* **WORK ITEM**
Copy the listing exactly as given. Omit every picture.

* **COLLECTED MATERIAL**

---

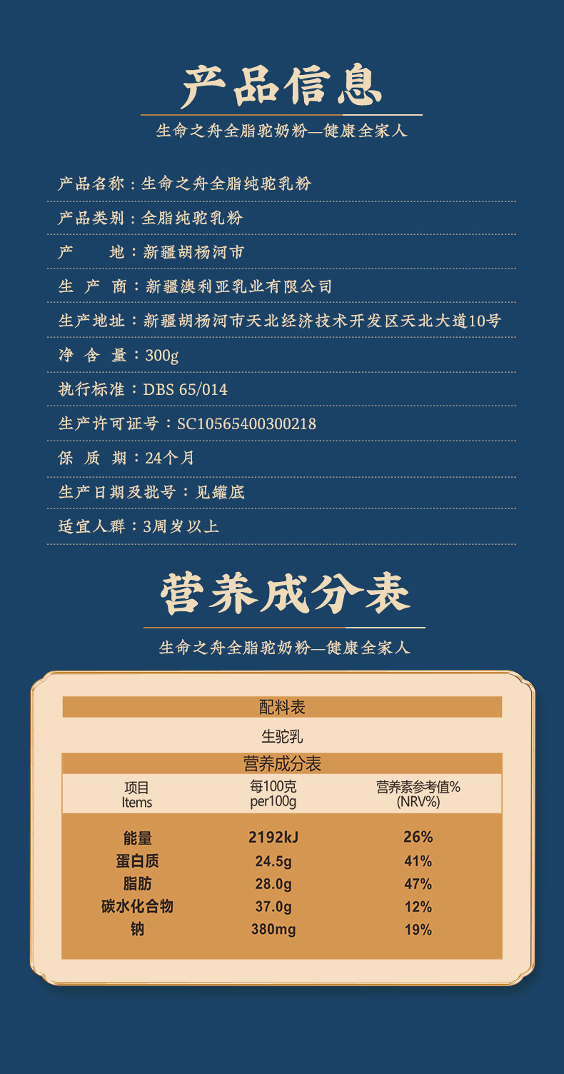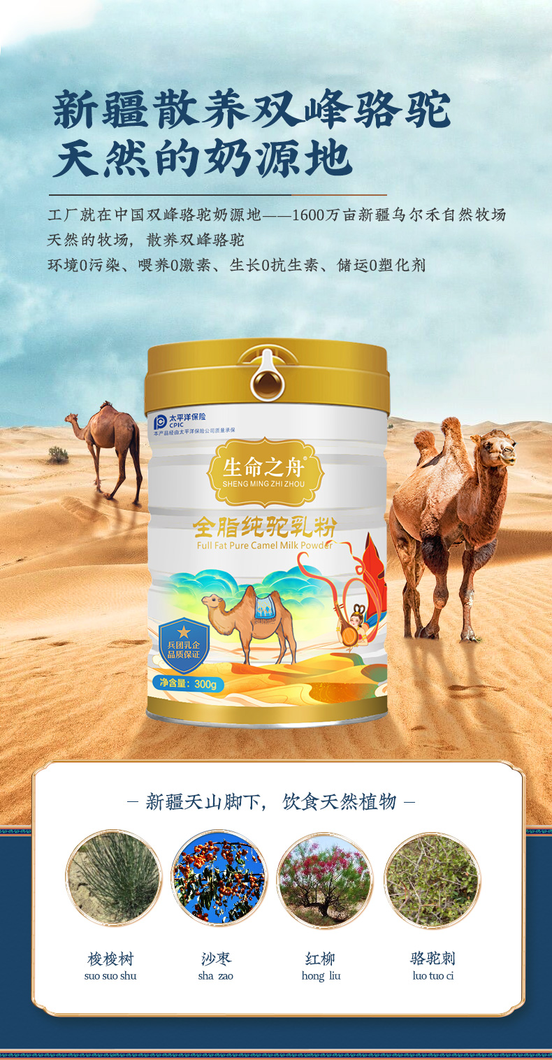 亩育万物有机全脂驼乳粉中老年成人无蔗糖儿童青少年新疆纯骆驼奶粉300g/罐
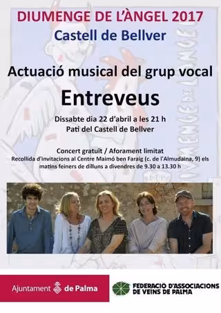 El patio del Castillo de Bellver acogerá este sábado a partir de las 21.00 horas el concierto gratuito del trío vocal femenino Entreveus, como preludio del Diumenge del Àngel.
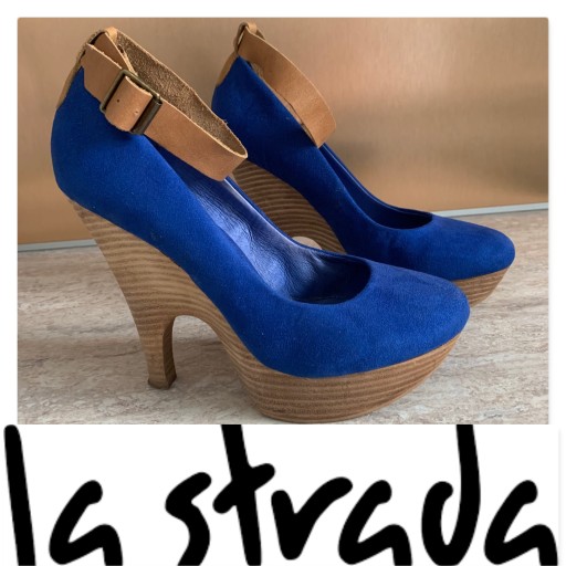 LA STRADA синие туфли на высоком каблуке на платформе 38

---

* **RESPONSE TO THIS TASK**
 亩育万物有机全脂驼乳粉中老年成人无蔗糖儿童青少年新疆纯骆驼奶粉300g/罐
 El patio del Castillo de Bellver acogerá este sábado a partir de las 21.00 horas el concierto gratuito del trío vocal femenino Entreveus, como preludio del Diumenge del Àngel.
 LA STRADA синие туфли на высоком каблуке на платформе 38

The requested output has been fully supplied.